Database Sequences and How to Define Them in Vertabelo
All rows in a database need to have a unique identifier. But what if you need to have unique identifiers for all of the rows in all of your tables? We know GUIDs are problematic when indexing, so what other options are there? A database sequence might be a great option.
What Is a Database Sequence?
A database sequence is a type of object created in a database that allows developers to generate unique values. It essentially works like a number generator, but in sequence. Every time you request a number from a database sequence, it will return a unique number.
A database sequence does not necessarily generate consecutive numbers. You can configure it to generate numbers in increments of “n.” You define “n” when creating the sequence.
A database sequence is not tied to any table in particular and is different from the way an IDENTITY column or AUTO-INCREMENT column works.

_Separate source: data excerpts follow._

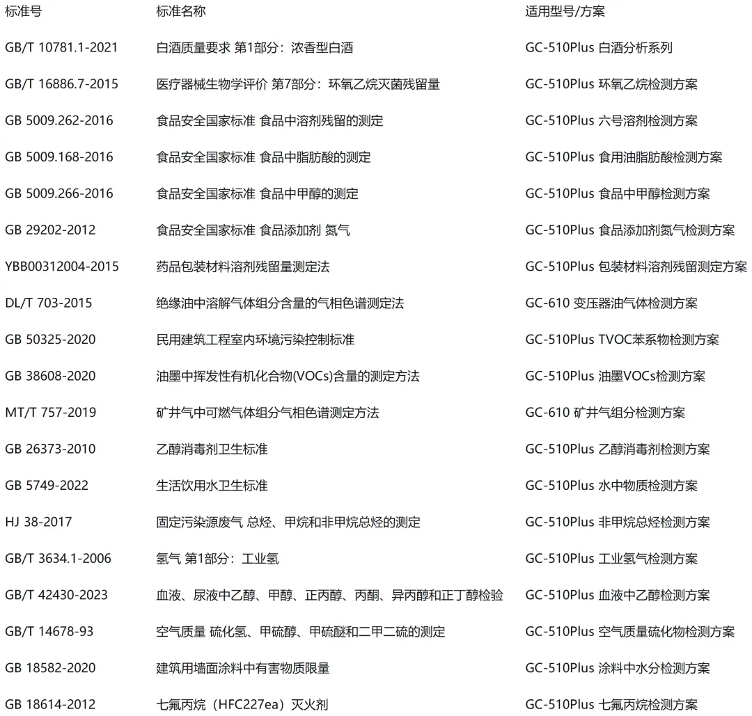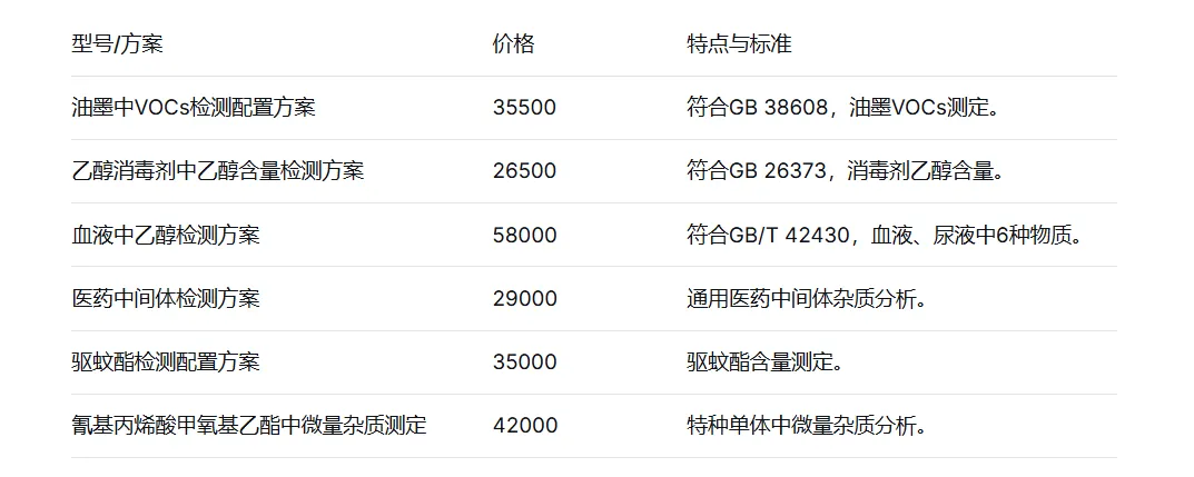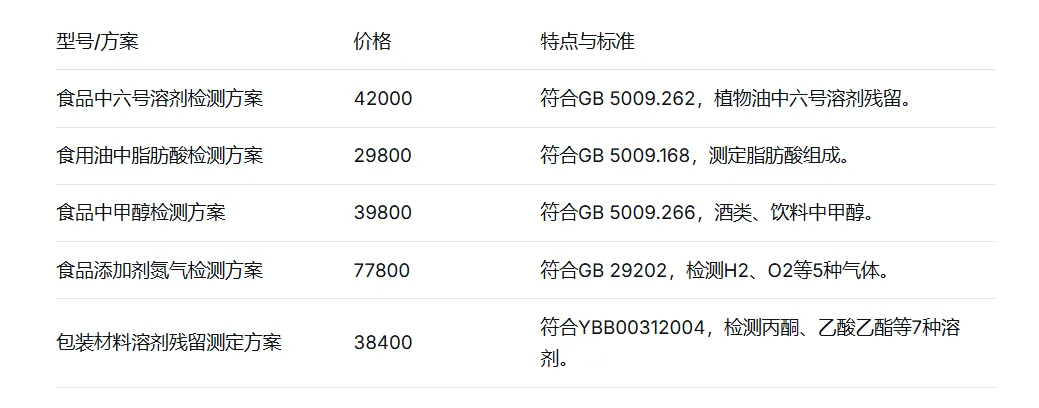 后缀(部分型号):方案描述,如“白酒分析23组分检测方案”、“环氧乙烷全自动顶空检测方案”等,体现专用配置。
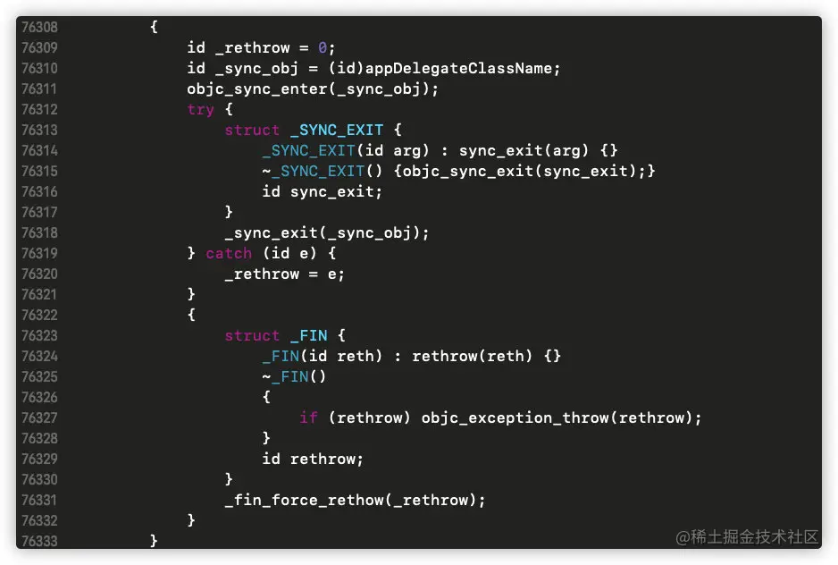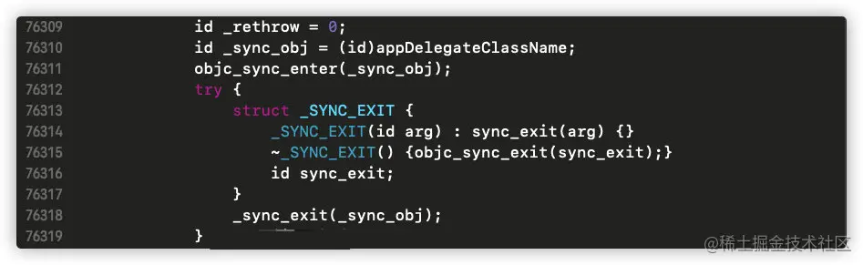 然后_SYNC_EXIT结构体是一个结构体,可以领出去;_sync_obj是appDelegateClassName也不用研究,那么最后就只剩下代码:
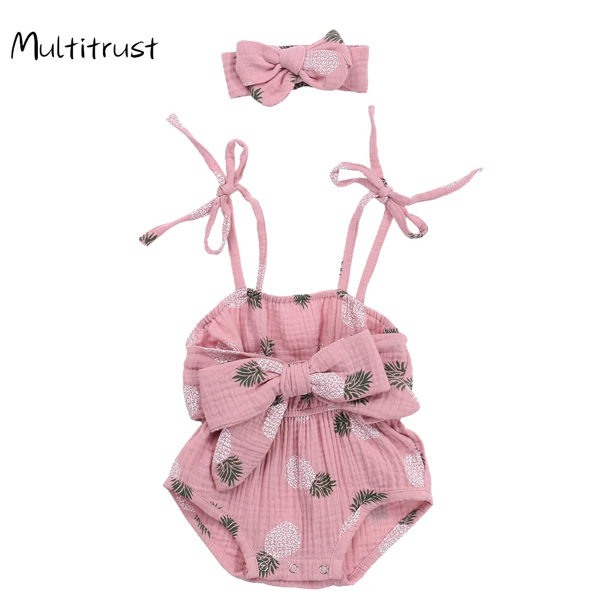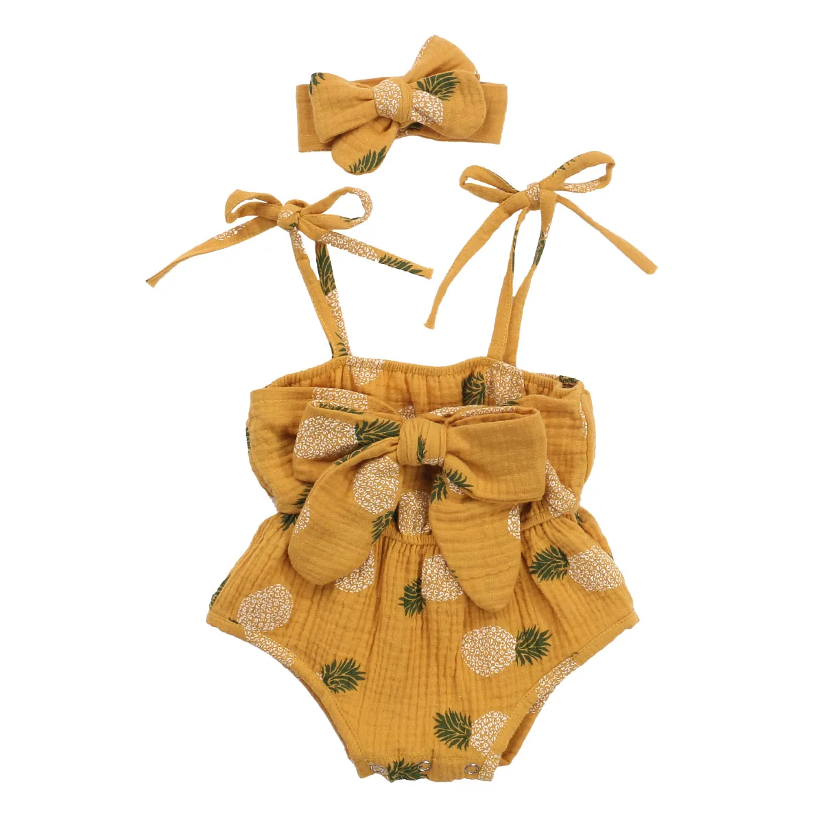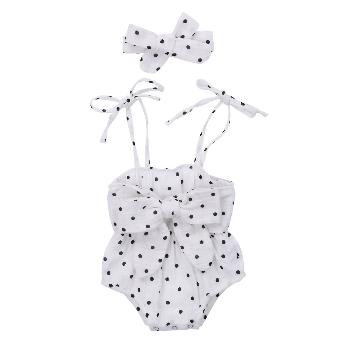 Комбинезоны для маленьких девочек, летние комбинезоны в горошек с бантом и цветочным принтом для новорожденных девочек, повязка на голову, 2 шт., наряды
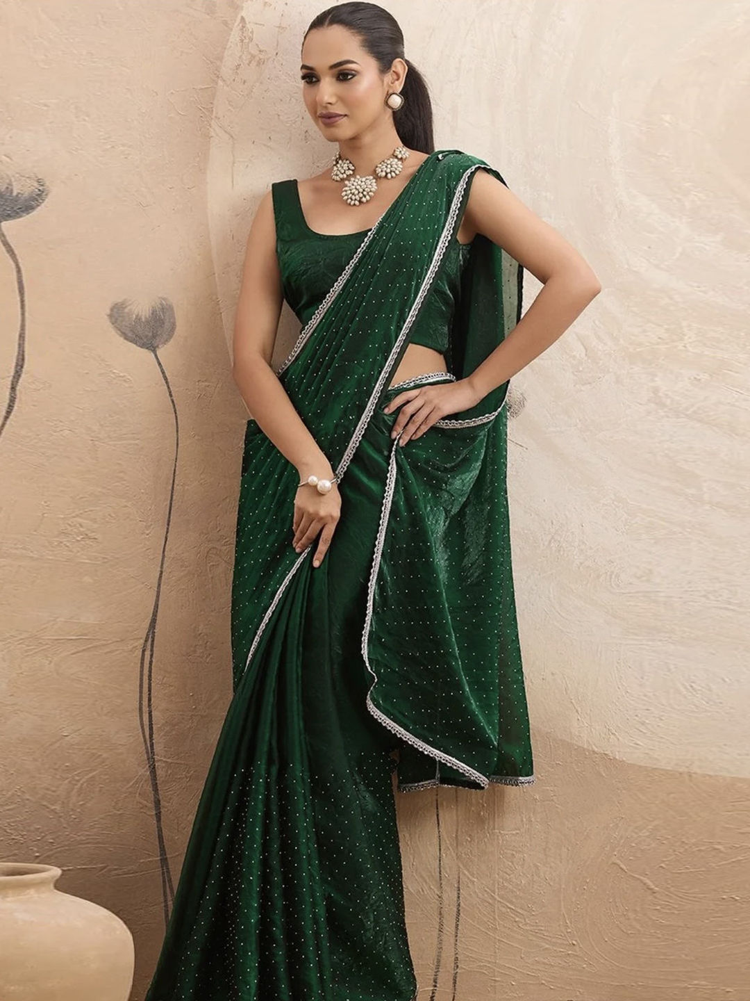 Green color Saree in Chiffon fabric with Lace, Stone work

For example, if you have a transaction with multiple queries and one query fails, then the transaction is rolled back. However, if, in the transaction, you received a number from the sequence, that will not be rolled back. The number returned from the sequence will no longer be returned at the next sequence call.

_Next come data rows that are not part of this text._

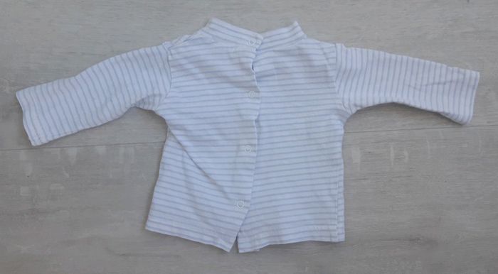 #1moisgarçon_anivir76 Tee-shirt manches longues Blanc à rayures bleues claires Très bon état Pressions arrières
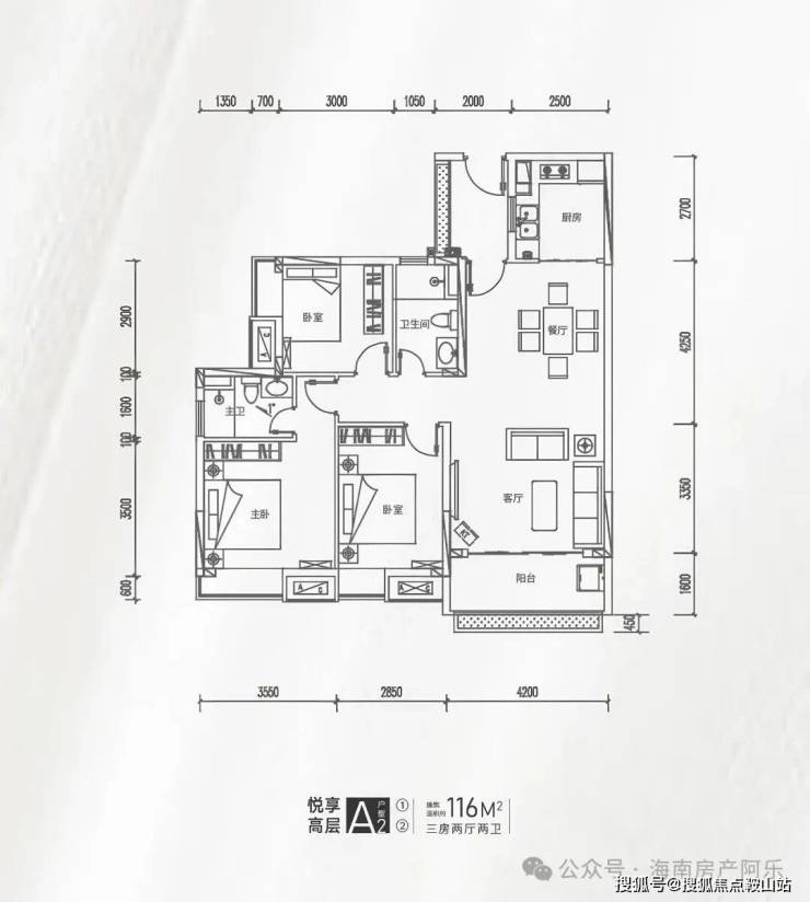 在售户型:建筑面积约99-100㎡三房两厅一卫、约116-119㎡三房两厅两卫
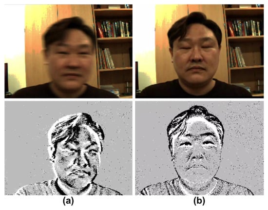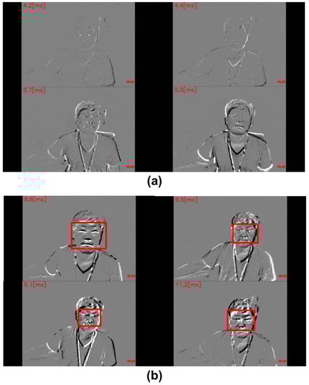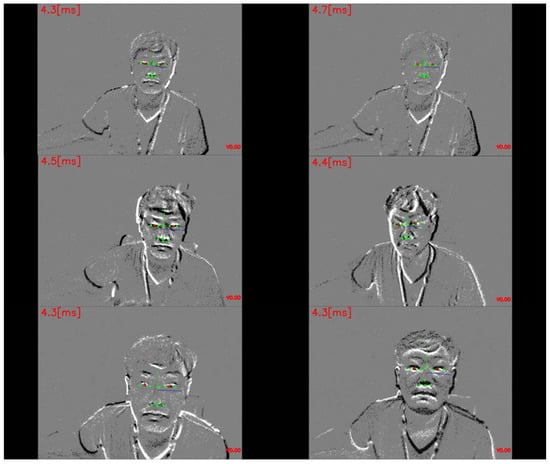 The dataset employed for our proposed method was thoughtfully constructed, consisting of real-world videos captured using the DAVIS 346 event camera. To train the eye–nose region detector, we used a combination of images from both the subtle and large motion categories of the event camera dataset. We efficiently detected eye–nose regions in the event camera images using the EBL method []. Due to the limited number of available images in the dataset, our focus was on the early and middle stages of the EBL training process, excluding the final matured stage. Specifically, the detector training incorporated 3608 event camera images along with 3949 negative non-face background images. For the eye–nose region aligner, we exclusively concentrated on the large motion category of the event camera dataset during training. The aligner’s primary task was to accurately handle eye shapes under significant motion, making the large motion DB particularly well-suited for this purpose. The event camera alignment training comprised 2273 events with verifiable eye shape.
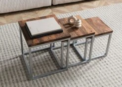 Table D’appoint 40×30 Palissandre Huilé Gris Taupe Lot 3 Pièces LEEDS #22
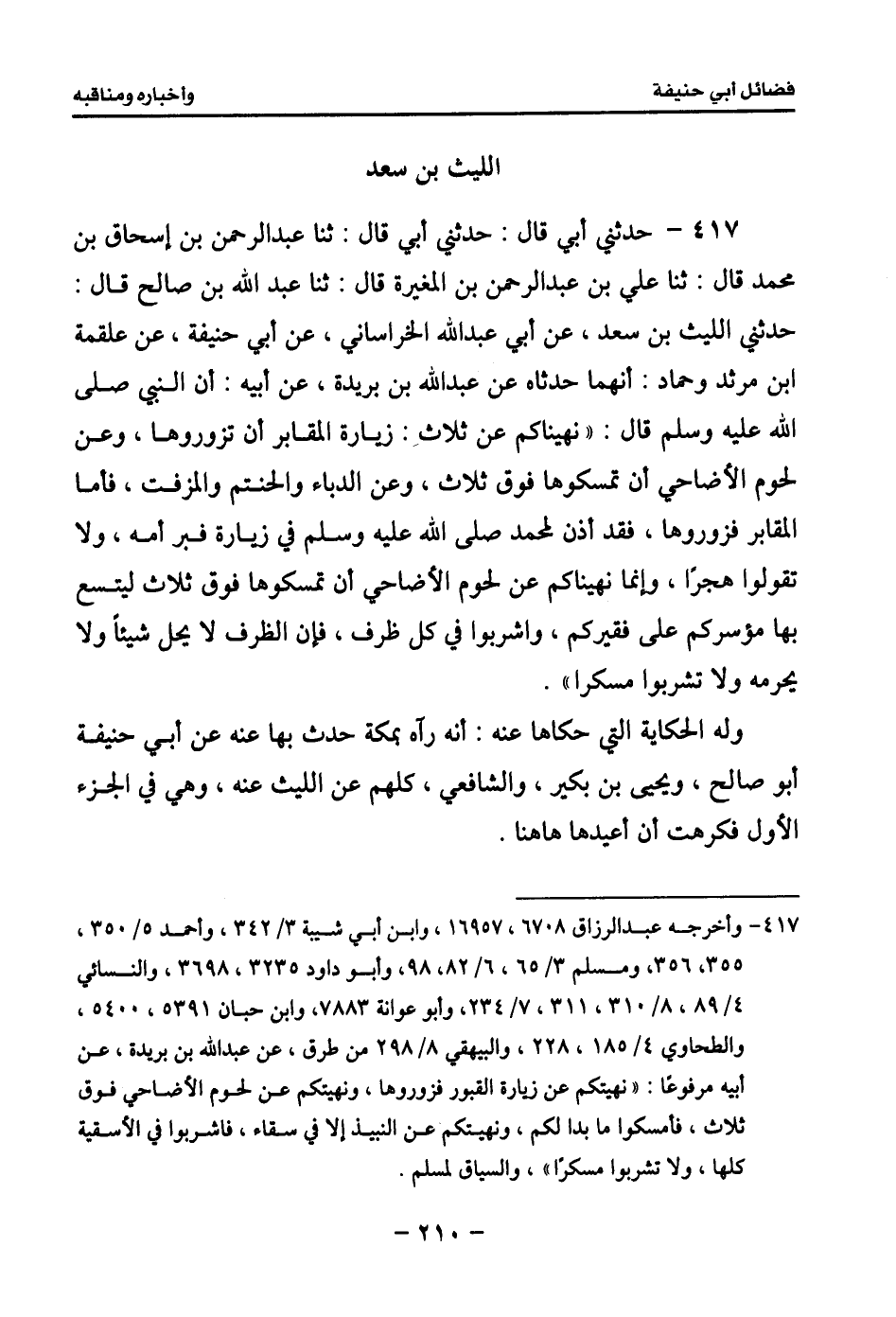 419 - حدثني أبي قال: حدثني أبي قال: حدثني محمد بن أحمد بن حماد قال: حدثني محمد بن هاشم البعلبكي قال: ثنا شعيب بن إسحاق، عن أبي حنيفة، عن حماد، عن إبراهيم قال: أخطأ الناس في قولهم: كل مسكر حرام، إنما هو كل سكر حرام، قال شعيب: كأني أسمعه من فلق فيه -يعني أبا حنيفة- يقول: إني أخاف أن يكون هو الذي أخطأ إني أخاف أن يكون هو الذي أخطأ.

For more information, please refer to our in-depth article about the internal workings of database sequences.
Which Databases Support Database Sequences?
Although a database sequence is a niche feature, almost all modern databases offer support for creating a database sequence. You can create a database sequence using any of these databases:
- Microsoft SQL Server
- MariaDB (based on MySQL)
- IBM DB2
When Should You Use a Database Sequence?
The general purpose of a database sequence is to generate numbers that are unique within a database. Most often, database sequences are used for creating surrogate keys, which are artificial primary keys.
Surrogate keys are values that allow you to uniquely identify a row in a database. Typically, a surrogate key is populated by a sequence when the available primary key candidates are too wide (composite keys).
We offer more detailed information in our article about why surrogate keys might be a good choice.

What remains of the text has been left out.